In tutti quelli regolamentati: reti, distribuzioni, farmacie, taxi. E poi ci vuole più concorrenza nelle professioni, nella sanità, nelle banche, nelle assicurazioni, nelle università. Ma la mancanza di concorrenza si avverte soprattutto nell'energia. Le nostre imprese la pagano molto più cara delle loro rivali sui mercati internazionali. E questo è un altro dei maggiori costi indiretti per gli imprenditori italiani.

Che cosa proponete?

Di ridurre del 20% il costo dell'energia per le imprese in cinque anni. Come? Diversificando: più carbone, più fonti rinnovabili, un'attenzione al nucleare del futuro; nuove linee di trasmissione, risparmio energetico, almeno cinque nuovi rigassificatori entro tre anni.
Più concorrenza nell'accesso alle reti

Ci vuole anche un maggiore impegno nella ricerca, nell'innovazione e nella formazione. Non mi sembra che su questi temi vi sia grande attenzione.

O si mette al centro l'impresa e la competitività o non si va da nessuna parte. Nei programmi elettorali c'è poca cultura d'impresa, molto provincialismo. Lo sguardo è chino all'Italia mentre il mondo corre, si aprono nuovi mercati. Una sorta di oscurantismo economico. Noi alla politica facciamo tre richieste chiare: meno pesi, diretti e indiretti, sulle imprese; meno burocrazia; meno Stato nell'economia. Non vogliamo incentivi, né denaro a fondo perduto, ma un sistema Paese che ci consenta di competere al meglio. Guardi ai Paesi scandinavi che hanno una tassazione elevata: le imposte sul lavoro e sulla produzione di ricchezza sono state ridotte.

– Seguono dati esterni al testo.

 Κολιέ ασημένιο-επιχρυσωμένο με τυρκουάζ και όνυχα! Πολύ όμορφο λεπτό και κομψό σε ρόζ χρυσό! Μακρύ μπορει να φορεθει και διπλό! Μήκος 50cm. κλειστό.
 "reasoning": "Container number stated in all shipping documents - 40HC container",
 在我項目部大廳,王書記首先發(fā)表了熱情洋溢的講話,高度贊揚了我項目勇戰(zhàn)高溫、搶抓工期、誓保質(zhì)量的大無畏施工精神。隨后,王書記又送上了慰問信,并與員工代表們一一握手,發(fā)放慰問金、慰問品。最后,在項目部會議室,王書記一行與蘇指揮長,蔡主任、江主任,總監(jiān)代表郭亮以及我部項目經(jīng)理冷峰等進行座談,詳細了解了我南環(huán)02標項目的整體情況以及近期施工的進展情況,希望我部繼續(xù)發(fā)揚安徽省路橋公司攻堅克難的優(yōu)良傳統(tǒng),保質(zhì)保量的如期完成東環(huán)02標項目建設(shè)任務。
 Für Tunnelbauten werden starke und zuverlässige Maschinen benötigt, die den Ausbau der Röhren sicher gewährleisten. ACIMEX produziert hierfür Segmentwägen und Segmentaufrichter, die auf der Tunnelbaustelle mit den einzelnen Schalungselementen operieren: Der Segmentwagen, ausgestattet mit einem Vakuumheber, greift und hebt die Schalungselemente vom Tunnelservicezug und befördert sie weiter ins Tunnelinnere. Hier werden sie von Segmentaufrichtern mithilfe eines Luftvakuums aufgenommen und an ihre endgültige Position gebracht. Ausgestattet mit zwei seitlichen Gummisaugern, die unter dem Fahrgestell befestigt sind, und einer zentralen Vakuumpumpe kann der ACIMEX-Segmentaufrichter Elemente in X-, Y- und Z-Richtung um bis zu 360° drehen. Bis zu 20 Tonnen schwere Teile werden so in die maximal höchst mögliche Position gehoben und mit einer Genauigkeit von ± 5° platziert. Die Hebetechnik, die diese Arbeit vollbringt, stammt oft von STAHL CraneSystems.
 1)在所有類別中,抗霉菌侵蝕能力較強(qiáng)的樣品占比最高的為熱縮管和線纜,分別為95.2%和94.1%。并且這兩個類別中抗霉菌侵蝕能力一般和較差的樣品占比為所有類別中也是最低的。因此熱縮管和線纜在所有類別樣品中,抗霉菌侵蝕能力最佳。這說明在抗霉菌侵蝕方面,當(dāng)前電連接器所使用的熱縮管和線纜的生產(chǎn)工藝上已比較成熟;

Ricerca, come promuoverla?

Le dò un dato. Le imprese di grandi dimensioni, con più di 500 dipendenti in Italia sono appena lo 0,1% del totale e realizzano il 76% della spesa in ricerca delle imprese private. Le aziende con meno di cento dipendenti, che sono il 98%, assicurano solo il 5,4% della spesa totale. Gran parte del divario in ricerca dell'Italia è dovuto al fatto che ci sono poche grandi imprese

Sì, ma che cosa volete concretamente?

Un credito d'imposta del 50% sulle spese per progetti di ricerca affidati dalle imprese alle università. E del 10% sulle spese totali delle imprese in dieci anni. Questo consentirà di fare ricerca anche alle piccole imprese. E poi sarà necessario rilanciare gli investimenti pubblici in pochi, grandi progetti. Oggi il privato investe poco, il pubblico pochissimo e molto si disperde. E nell'istruzione, dove ci giochiamo il nostro futuro, bisogna tornare a premiare chi merita, riformare gli atenei, metterli in concorrenza tra loro, prevedere un regime privatistico per i nuovi docenti e superare il valore legale dei titoli di studio attraverso meccanismi di accreditamento europeo. L'Italia è agli ultimi posti nell'Ocse per la capacità di attrazione degli studenti PhD e al primo per la mobilità di cervelli in uscita, il cosiddetto brain drain. Questo è oggettivamente inaccettabile.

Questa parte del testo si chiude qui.